> [WHAT YOU NEED TO DO]: Would you repeat word for word the lines of the listing that follows, from the one with "Portachiavi con gettone" up to and including the one with "Összetétel: Hús és", and leave out the images?

> [DATA SUPPLIED]:
==============================
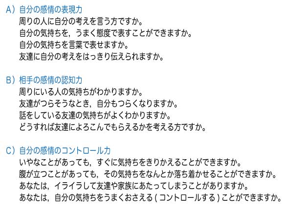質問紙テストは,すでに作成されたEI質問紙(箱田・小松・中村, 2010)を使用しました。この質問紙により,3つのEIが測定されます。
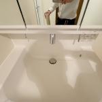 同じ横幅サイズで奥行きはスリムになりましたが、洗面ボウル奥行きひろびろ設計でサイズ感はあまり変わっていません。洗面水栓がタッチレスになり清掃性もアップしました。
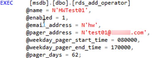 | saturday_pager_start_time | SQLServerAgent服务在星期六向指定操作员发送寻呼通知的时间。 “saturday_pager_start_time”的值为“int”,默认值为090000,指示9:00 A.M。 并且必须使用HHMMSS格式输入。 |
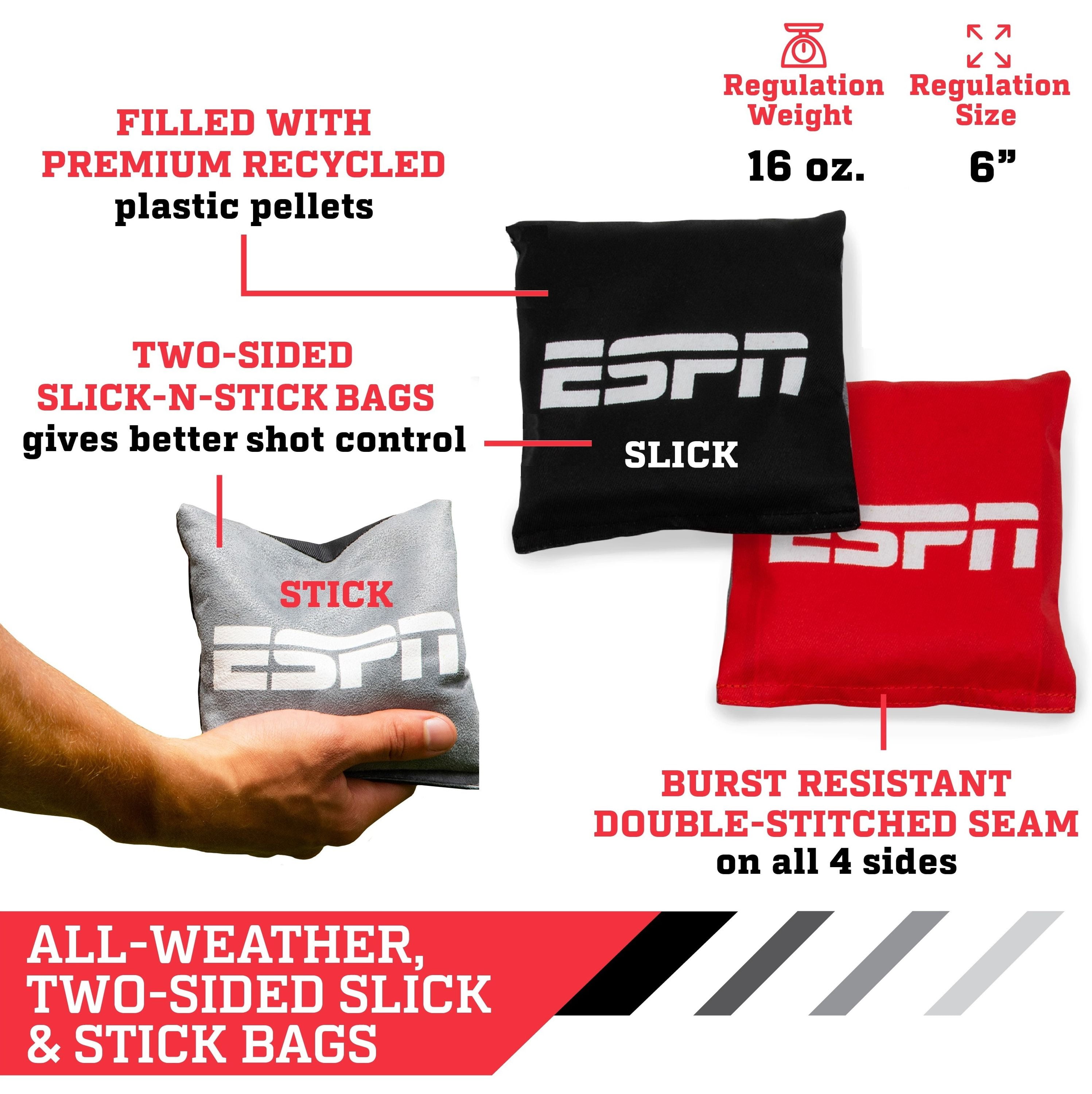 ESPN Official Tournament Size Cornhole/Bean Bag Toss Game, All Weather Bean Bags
==============================
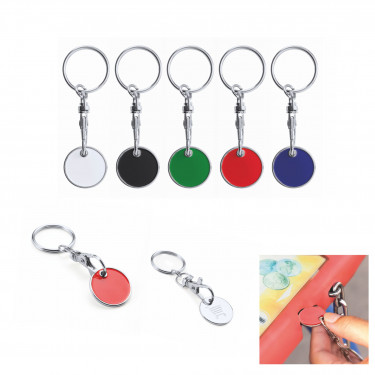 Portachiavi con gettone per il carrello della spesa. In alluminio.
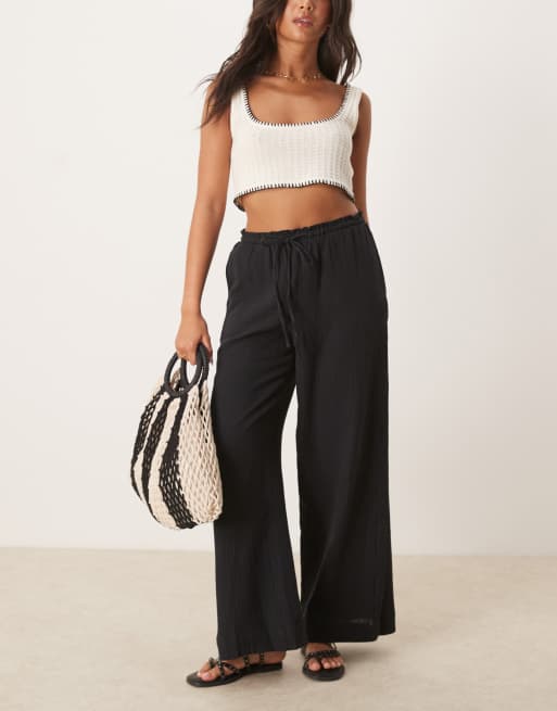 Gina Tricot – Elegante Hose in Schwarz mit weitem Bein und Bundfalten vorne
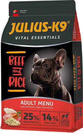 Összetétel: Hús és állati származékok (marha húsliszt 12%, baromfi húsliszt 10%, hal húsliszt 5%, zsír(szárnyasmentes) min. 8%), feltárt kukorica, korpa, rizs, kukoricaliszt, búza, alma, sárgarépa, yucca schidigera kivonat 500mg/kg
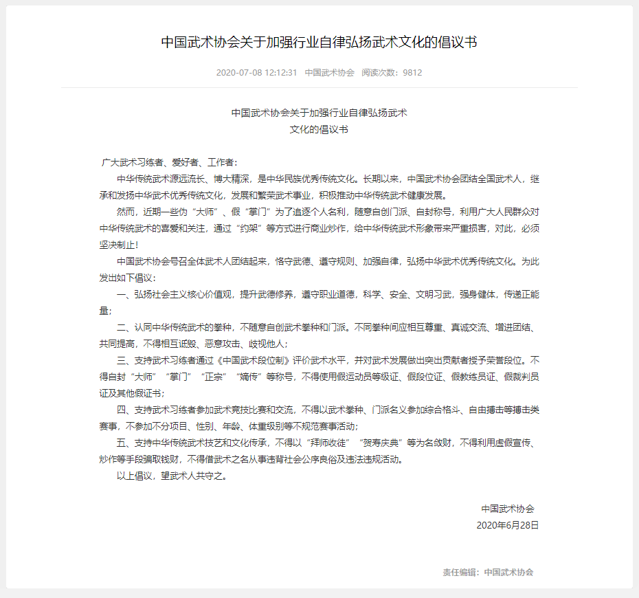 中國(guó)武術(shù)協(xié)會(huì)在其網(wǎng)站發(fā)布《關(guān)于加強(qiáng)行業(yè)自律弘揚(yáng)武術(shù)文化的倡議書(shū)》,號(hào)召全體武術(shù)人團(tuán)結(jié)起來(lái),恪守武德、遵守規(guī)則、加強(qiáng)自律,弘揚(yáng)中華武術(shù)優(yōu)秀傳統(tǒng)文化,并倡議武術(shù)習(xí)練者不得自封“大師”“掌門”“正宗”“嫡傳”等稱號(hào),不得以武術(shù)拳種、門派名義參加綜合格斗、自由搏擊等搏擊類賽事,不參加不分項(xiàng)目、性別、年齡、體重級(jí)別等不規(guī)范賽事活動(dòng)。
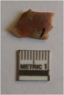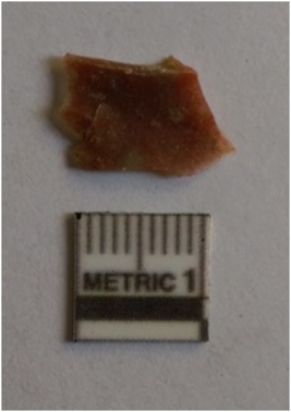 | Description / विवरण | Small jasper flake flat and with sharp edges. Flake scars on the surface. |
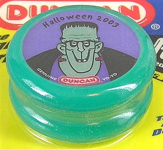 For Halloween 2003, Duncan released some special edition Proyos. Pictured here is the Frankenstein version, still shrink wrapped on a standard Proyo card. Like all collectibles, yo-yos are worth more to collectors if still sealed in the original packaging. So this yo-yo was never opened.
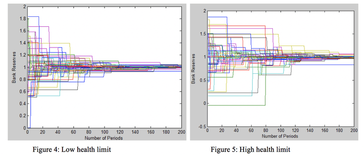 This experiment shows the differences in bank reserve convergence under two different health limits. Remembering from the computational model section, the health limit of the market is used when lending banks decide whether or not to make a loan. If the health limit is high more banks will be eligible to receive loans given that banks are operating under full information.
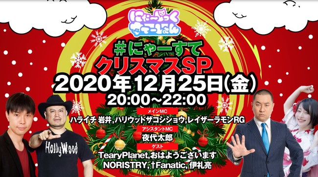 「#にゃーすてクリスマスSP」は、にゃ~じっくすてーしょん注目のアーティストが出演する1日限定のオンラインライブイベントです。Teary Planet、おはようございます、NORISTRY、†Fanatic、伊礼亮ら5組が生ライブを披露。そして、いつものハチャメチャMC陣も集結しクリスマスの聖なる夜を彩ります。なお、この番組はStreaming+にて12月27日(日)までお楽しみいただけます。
==============================
> [PROBLEM SOLUTION]:
 Portachiavi con gettone per il carrello della spesa. In alluminio.
 Gina Tricot – Elegante Hose in Schwarz mit weitem Bein und Bundfalten vorne
 Összetétel: Hús és állati származékok (marha húsliszt 12%, baromfi húsliszt 10%, hal húsliszt 5%, zsír(szárnyasmentes) min. 8%), feltárt kukorica, korpa, rizs, kukoricaliszt, búza, alma, sárgarépa, yucca schidigera kivonat 500mg/kg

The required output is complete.